• [The task]: Using the entries below, restate word for word only the lines from the one with "图为考舞蹈的高考考生,早晨七点就排起了大队侯考,等待考官的点名。中新社发 田洪 摄" to the final line, leaving the pictures out.

______________________________

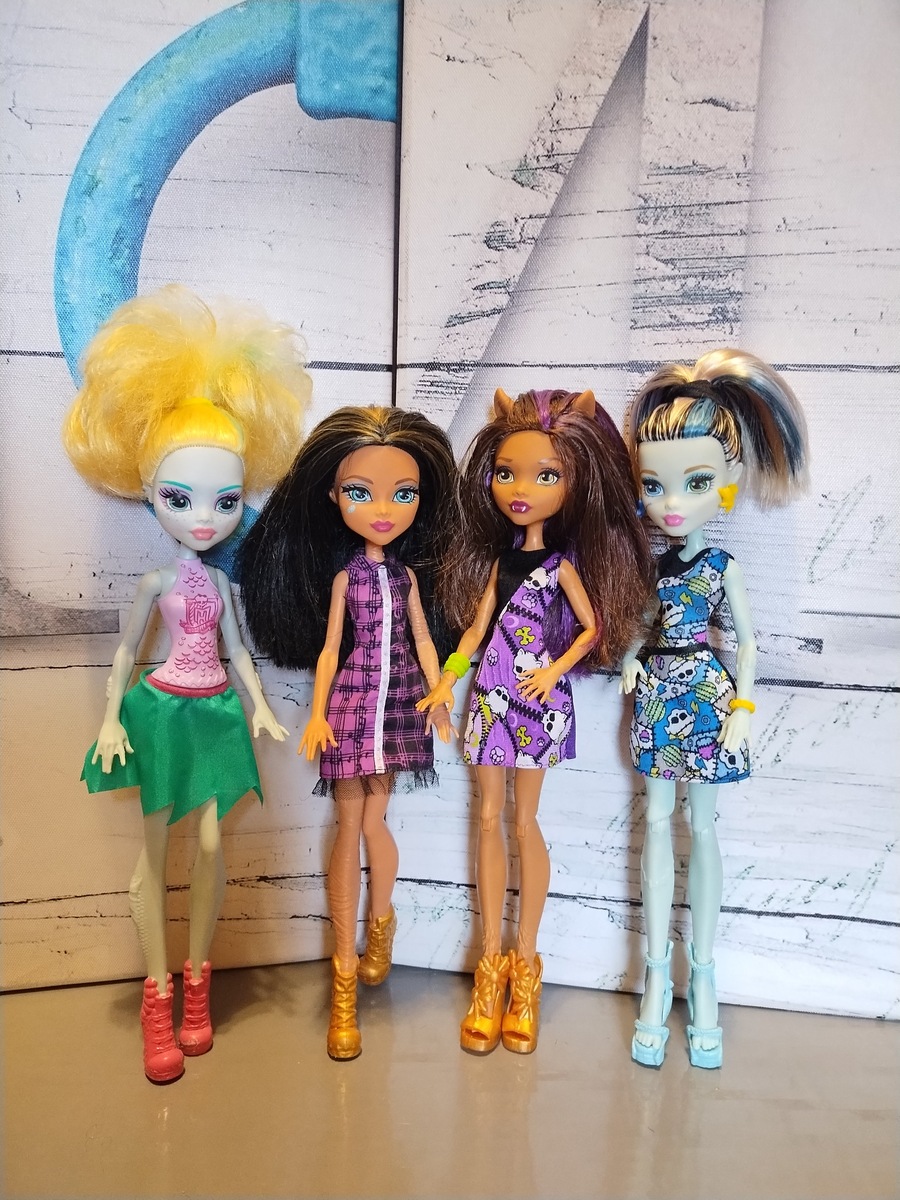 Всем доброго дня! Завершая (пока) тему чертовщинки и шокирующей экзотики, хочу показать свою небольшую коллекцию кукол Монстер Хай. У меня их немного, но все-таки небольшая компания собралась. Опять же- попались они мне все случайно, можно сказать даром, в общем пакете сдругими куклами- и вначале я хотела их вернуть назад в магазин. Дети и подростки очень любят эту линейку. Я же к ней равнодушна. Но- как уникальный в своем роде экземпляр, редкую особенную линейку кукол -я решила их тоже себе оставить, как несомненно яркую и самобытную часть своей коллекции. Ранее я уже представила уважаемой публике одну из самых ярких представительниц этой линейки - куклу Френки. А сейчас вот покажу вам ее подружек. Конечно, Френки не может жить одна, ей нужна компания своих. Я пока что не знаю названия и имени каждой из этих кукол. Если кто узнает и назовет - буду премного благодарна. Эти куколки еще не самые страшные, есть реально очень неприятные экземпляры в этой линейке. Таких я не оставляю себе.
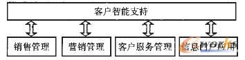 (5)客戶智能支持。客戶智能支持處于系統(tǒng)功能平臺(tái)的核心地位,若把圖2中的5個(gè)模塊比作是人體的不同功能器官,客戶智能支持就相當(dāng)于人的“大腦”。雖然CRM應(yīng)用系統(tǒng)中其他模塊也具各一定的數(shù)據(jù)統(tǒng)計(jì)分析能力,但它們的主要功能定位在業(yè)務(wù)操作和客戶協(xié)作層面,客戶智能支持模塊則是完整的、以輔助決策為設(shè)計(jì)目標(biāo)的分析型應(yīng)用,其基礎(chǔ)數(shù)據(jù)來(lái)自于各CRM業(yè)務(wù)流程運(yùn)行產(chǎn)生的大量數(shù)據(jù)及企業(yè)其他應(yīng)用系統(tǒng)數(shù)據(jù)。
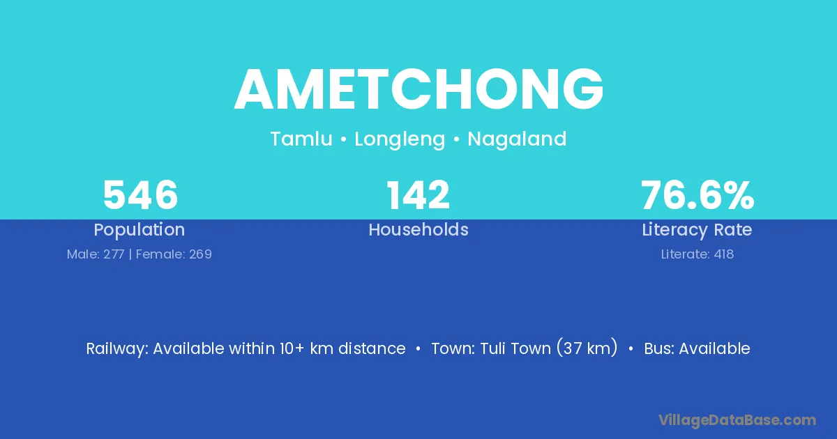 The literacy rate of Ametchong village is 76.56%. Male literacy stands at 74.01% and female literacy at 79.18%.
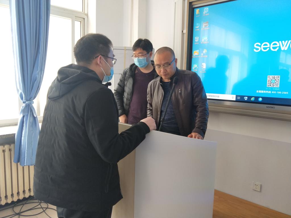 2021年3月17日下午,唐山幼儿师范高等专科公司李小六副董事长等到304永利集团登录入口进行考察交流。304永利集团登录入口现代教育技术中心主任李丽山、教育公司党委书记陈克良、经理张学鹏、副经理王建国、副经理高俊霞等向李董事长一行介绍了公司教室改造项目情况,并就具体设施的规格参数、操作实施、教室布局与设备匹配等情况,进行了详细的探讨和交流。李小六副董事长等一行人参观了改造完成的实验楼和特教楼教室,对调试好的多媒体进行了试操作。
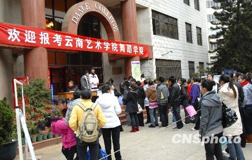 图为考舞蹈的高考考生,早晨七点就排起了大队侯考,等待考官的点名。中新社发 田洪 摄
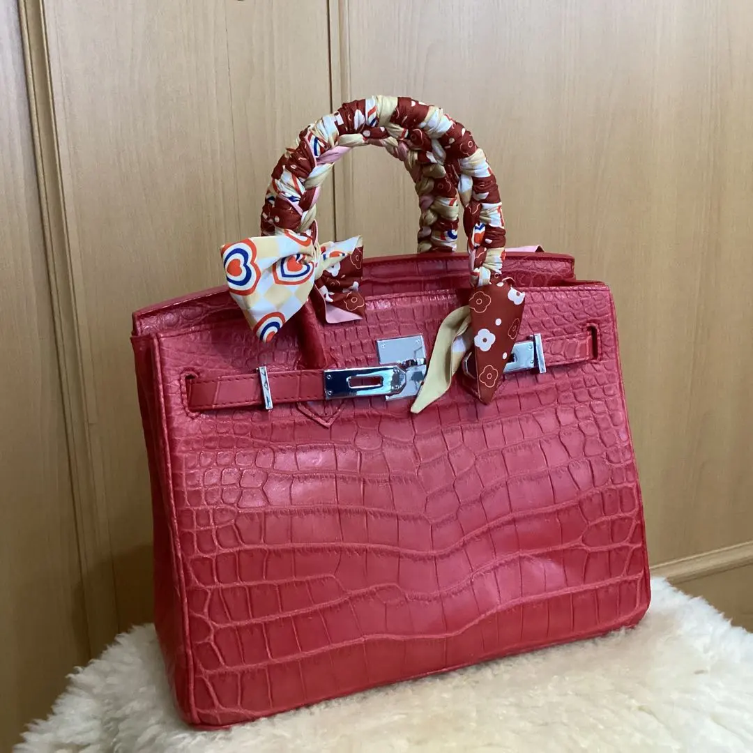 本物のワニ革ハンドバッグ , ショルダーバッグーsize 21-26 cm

______________________________

• [Written response]:
 图为考舞蹈的高考考生,早晨七点就排起了大队侯考,等待考官的点名。中新社发 田洪 摄
 本物のワニ革ハンドバッグ , ショルダーバッグーsize 21-26 cm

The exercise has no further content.